Thanks, I haven't heard of it before. I wonder if it's possible to use OrbitDB to download a file from IPFS though? Based on it's CID, I mean, because that was my intention with Helia. I thought that one of the nice thing about reading books is that it takes time, and if users could be seeding their files from IndexedDB to the network, they could automatically and effortlessly become "contributing citizens".
Another interesting use case would be to see if this can replace (or be an addition to) SQLite as the database in which the queries are ran.
The Pear P2P framework might be worth a look if you want to get off of GitHub and turn it into a truly distributed system. If the index must be on GitHub then what good is it to have the files on IPFS?
That's a fair point - I guess it could be abused. Databases are sorted by their number of GitHub stars, so I was hoping that with the power of the crowds it will be possible to minimize the bad effect such actor might have, by simply not voting them up.

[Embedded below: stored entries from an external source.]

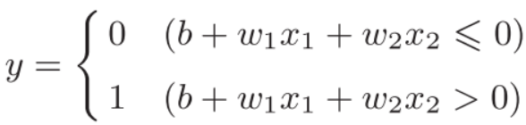 其中b称为偏置,w1和w2称为权重。感知机 会计算输入信号和权重的乘积,然后加上偏置,如果这个值大于0则输出1,否则输出0。
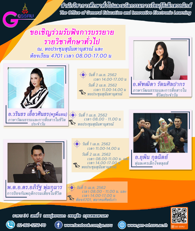 ขอเชิญร่วมรับฟังการบรรยายรายวิชาศึกษาทั่วไป ณ. หอประชุมสุนันทานุสรณ์ และห้องเรียน 4701 เวลา 08.00-17.00 น.
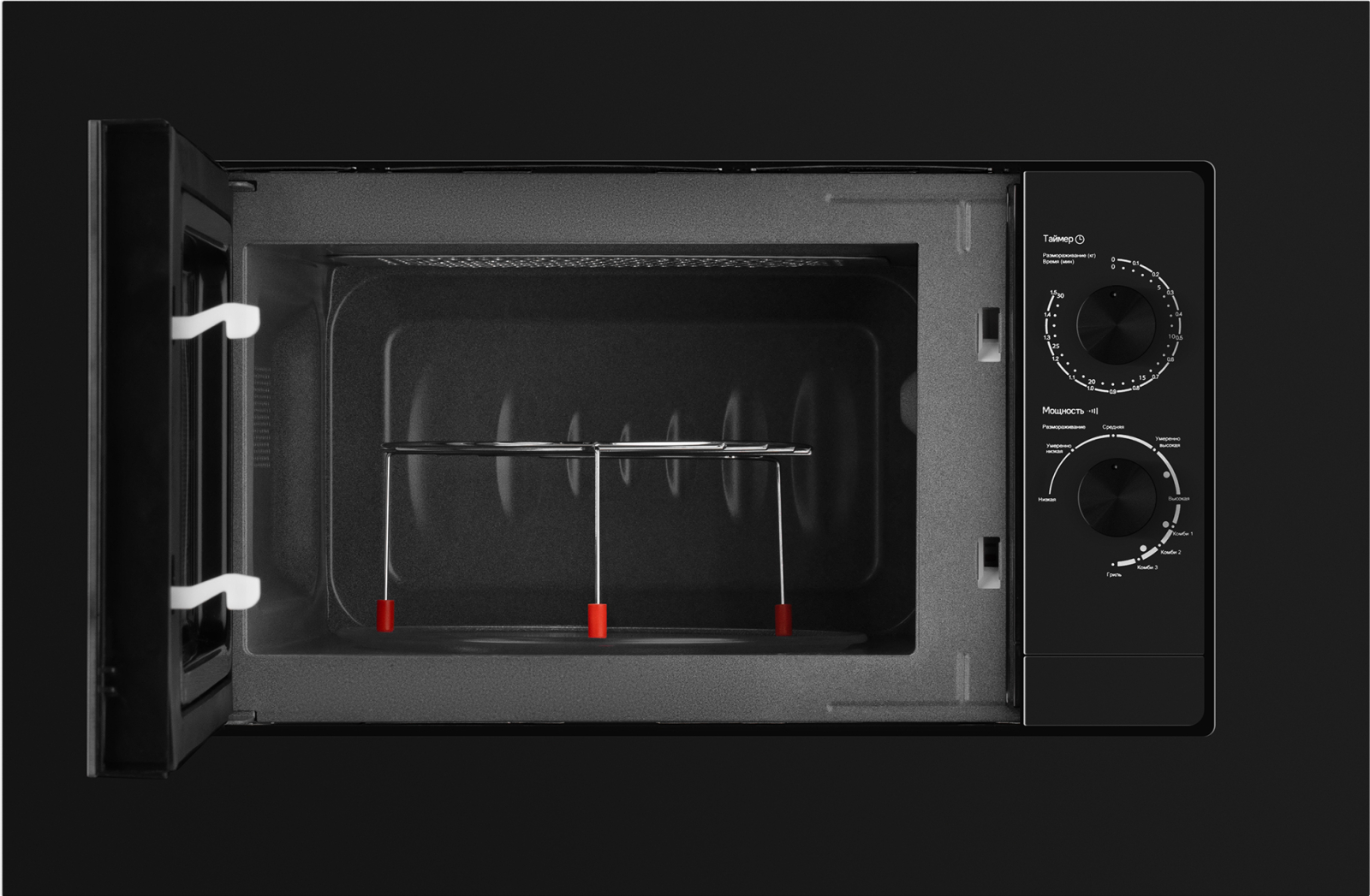 Встраиваемая микроволновая печь Weissgauff с объемом 20 литров, выполненная в черном закаленном стекле, равномерно разогревает еду при помощи поворотного стола, а также оснащена грилем с возможностью работы в комбинированном режиме!
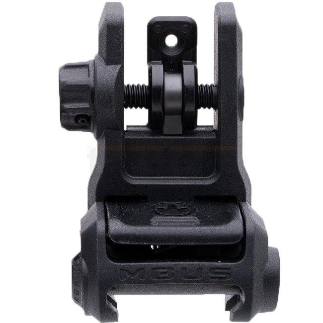 MBUS 3 Rear Sight by Magpul is a compact spring‑loaded flip‑up iron sight made from impact‑resistant polymer. When stowed it stands only approx. 14 mm high and approx. 35 mm wide. Deployed, it provides standard AR sight height and features ambidextrous push‑button deployment and a rapid‑select dual‑aperture windage adjustment system. Weighs just 30 g including mounting hardware.
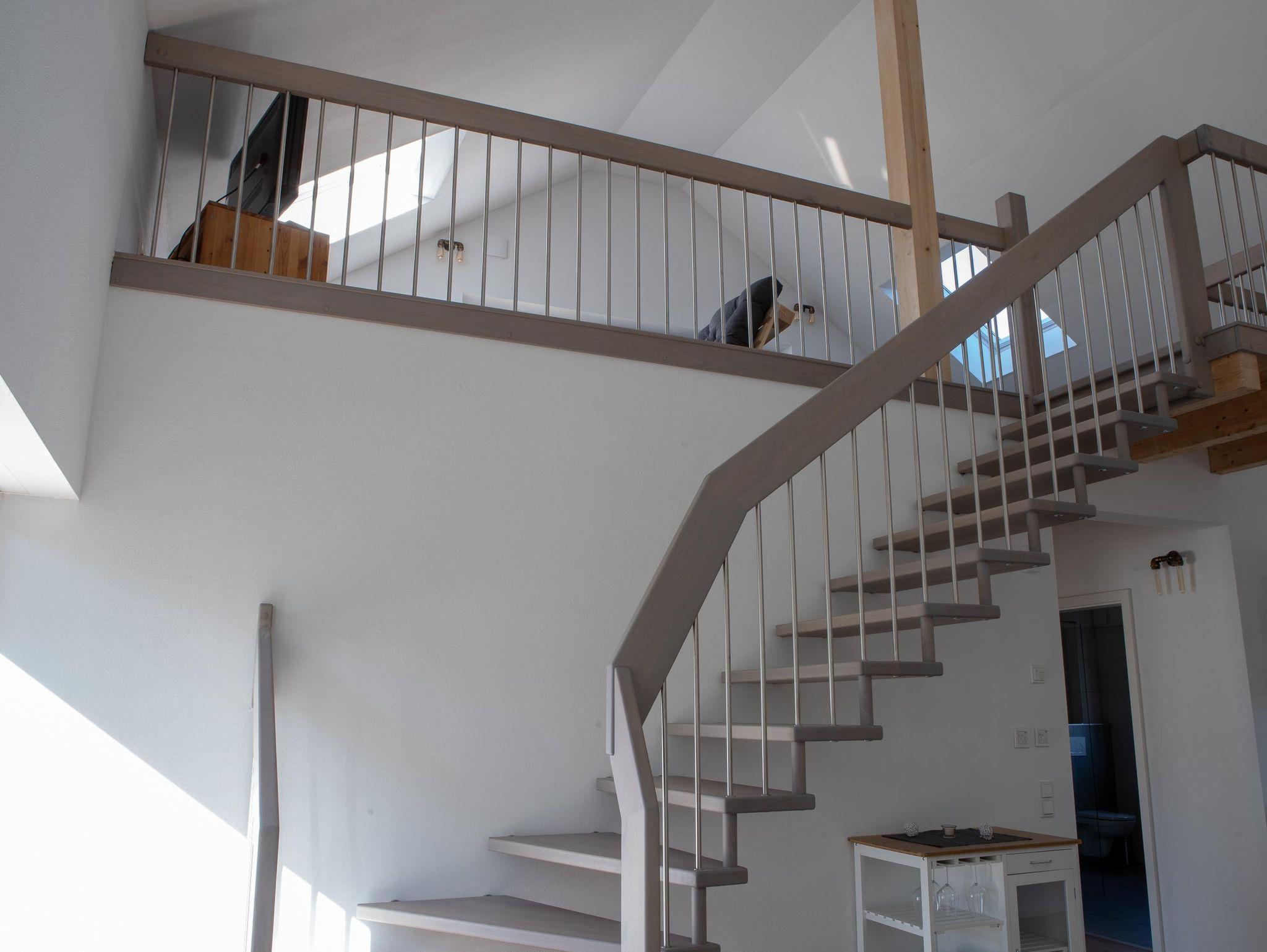 Wohnzimmer in der oberen Etage, großzügiges Esszimmer mit offener Küche, Badezimmer mit ebenerdiger Dusche, Schlafzimmer, Abstellraum und Balkon.

there's been several attacks recently where a bad actor takes over a repo where the original maintainer wants to take a step back, then launch a supply chain attack. in recent cases, the attack came from obfuscated binary files in the repo rather than code. given we are dealing with documents here (books) that would be easy to hide malicious code in a file. pdfs have all sorts of execution vulnerabilities for example
Interesting - I'm kinda counting on PDF.js, which is used for PDF rendering, on doing it safely, but of course that doesn't always have to be the case. Do you have any thoughts on how to make this safer?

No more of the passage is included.